• _Task directions_
Print the data below again in full, exactly as it stands, with no images.
====== Raw data ======
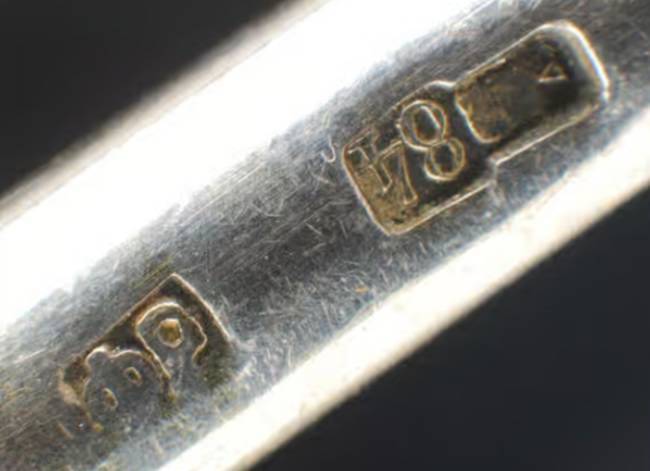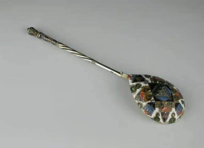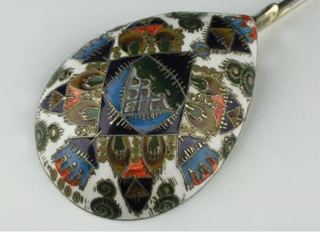 Deep bowl, long stem, spirally twisted in the middle. Cloisonné decoration in light blue, dark blue, iron red, manganese, ochre, and green on a white ground on the underside of the bowl and at the end of the handle. Marked "Werkmeister Theodor Rückert". 84 silver mark. (690201)
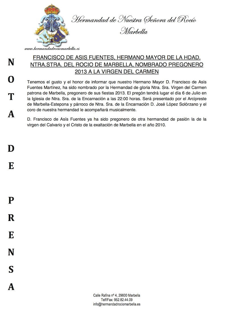 El Hermano Mayor de la Hdad. de Marbella, D. Francisco de Asís Fuentes Martínez, ha sido nombrado por la Hermandad de gloria Ntra. Sra. Virgen del Carmen patrona de Marbella, pregonero de sus fiestas 2013
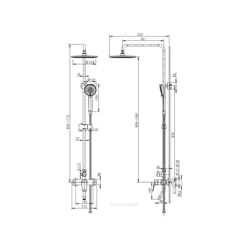 | Комплектация | ручной душ (душевая лейка) / верхний душ (тропический) / смеситель / стойка / штанга / душевой шланг / крепление ручного душа |
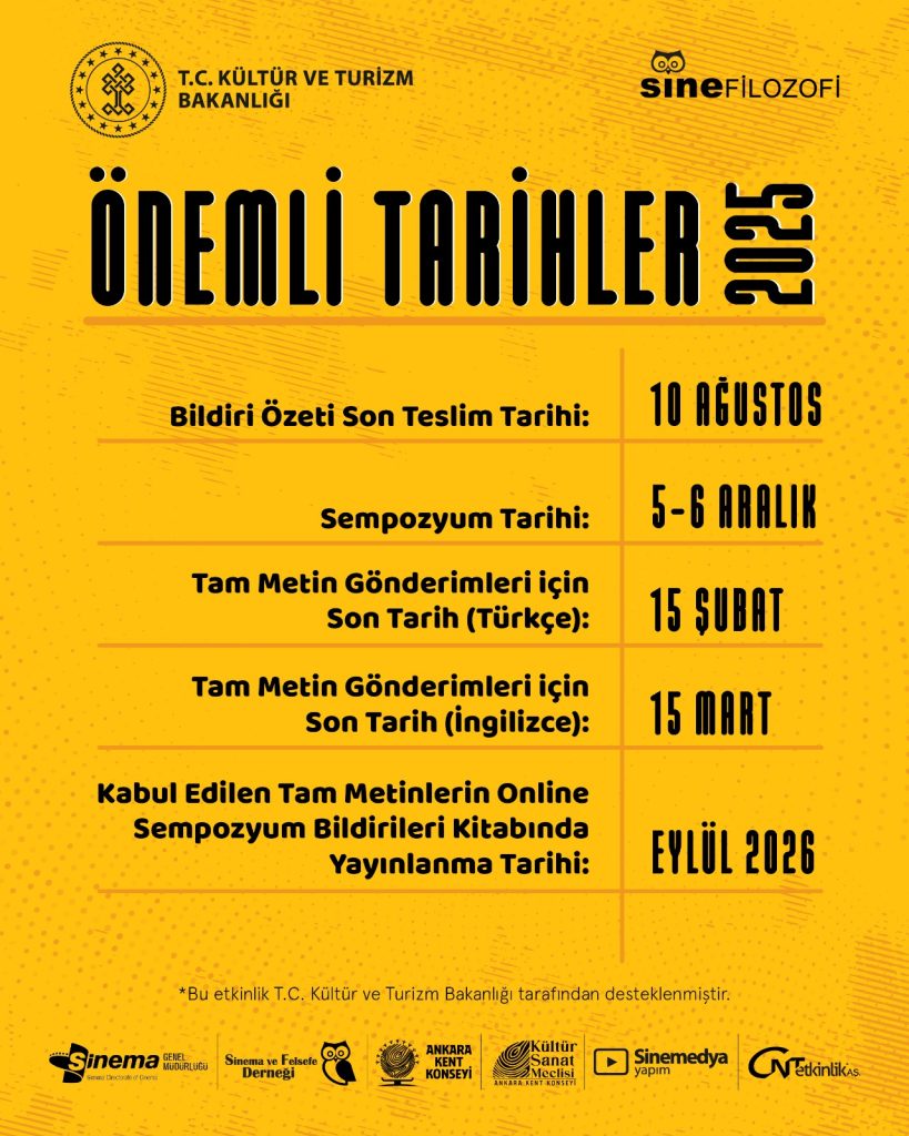 Bugün sizleri Ankara’da 5 -6 Aralık 2025 tarihinde, SineFilozofi Dergisi ve Sinema ve Felsefe Derneği işbirliğinde düzenlenen, düşünen, üreten ve mevcut dünyaya alan açan herkesi bir araya getirmeyi amaçlayan 8. Uluslararası Sinema ve Felsefe Sempozyumu’na davet etmenin mutluluğunu yaşıyoruz.
======
• _Written solution_
 Deep bowl, long stem, spirally twisted in the middle. Cloisonné decoration in light blue, dark blue, iron red, manganese, ochre, and green on a white ground on the underside of the bowl and at the end of the handle. Marked "Werkmeister Theodor Rückert". 84 silver mark. (690201)
 El Hermano Mayor de la Hdad. de Marbella, D. Francisco de Asís Fuentes Martínez, ha sido nombrado por la Hermandad de gloria Ntra. Sra. Virgen del Carmen patrona de Marbella, pregonero de sus fiestas 2013
 | Комплектация | ручной душ (душевая лейка) / верхний душ (тропический) / смеситель / стойка / штанга / душевой шланг / крепление ручного душа |
 Bugün sizleri Ankara’da 5 -6 Aralık 2025 tarihinde, SineFilozofi Dergisi ve Sinema ve Felsefe Derneği işbirliğinde düzenlenen, düşünen, üreten ve mevcut dünyaya alan açan herkesi bir araya getirmeyi amaçlayan 8. Uluslararası Sinema ve Felsefe Sempozyumu’na davet etmenin mutluluğunu yaşıyoruz.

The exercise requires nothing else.